Your objective: Lines with the word "This" are the ones wanted. Copy each of them from the entries below.

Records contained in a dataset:
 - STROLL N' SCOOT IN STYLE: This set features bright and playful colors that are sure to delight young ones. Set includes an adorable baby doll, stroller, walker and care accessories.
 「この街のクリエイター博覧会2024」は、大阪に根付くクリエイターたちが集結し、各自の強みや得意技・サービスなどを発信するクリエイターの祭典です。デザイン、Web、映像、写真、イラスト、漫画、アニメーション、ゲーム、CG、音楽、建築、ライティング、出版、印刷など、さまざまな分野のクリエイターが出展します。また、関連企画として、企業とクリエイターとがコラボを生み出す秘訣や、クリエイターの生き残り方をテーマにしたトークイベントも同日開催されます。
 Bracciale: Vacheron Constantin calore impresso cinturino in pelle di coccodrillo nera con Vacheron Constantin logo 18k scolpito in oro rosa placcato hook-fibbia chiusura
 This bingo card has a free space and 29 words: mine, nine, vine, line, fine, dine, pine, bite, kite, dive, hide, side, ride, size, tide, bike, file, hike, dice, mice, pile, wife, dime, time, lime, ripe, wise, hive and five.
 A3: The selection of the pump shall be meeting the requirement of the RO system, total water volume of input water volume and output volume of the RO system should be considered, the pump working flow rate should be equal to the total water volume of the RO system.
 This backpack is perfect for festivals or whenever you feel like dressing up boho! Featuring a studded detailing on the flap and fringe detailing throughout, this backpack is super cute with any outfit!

==

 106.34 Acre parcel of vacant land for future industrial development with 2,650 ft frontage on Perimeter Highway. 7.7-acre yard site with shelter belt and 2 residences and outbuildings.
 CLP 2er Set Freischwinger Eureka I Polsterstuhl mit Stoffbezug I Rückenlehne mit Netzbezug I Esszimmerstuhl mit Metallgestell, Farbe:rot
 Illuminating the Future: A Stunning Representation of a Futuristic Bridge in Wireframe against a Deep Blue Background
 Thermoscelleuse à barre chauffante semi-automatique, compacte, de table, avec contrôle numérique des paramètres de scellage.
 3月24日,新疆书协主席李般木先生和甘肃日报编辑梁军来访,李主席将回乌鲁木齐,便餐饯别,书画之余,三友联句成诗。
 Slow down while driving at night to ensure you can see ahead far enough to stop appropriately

Answer section:
 - STROLL N' SCOOT IN STYLE: This set features bright and playful colors that are sure to delight young ones. Set includes an adorable baby doll, stroller, walker and care accessories.
 This bingo card has a free space and 29 words: mine, nine, vine, line, fine, dine, pine, bite, kite, dive, hide, side, ride, size, tide, bike, file, hike, dice, mice, pile, wife, dime, time, lime, ripe, wise, hive and five.
 This backpack is perfect for festivals or whenever you feel like dressing up boho! Featuring a studded detailing on the flap and fringe detailing throughout, this backpack is super cute with any outfit!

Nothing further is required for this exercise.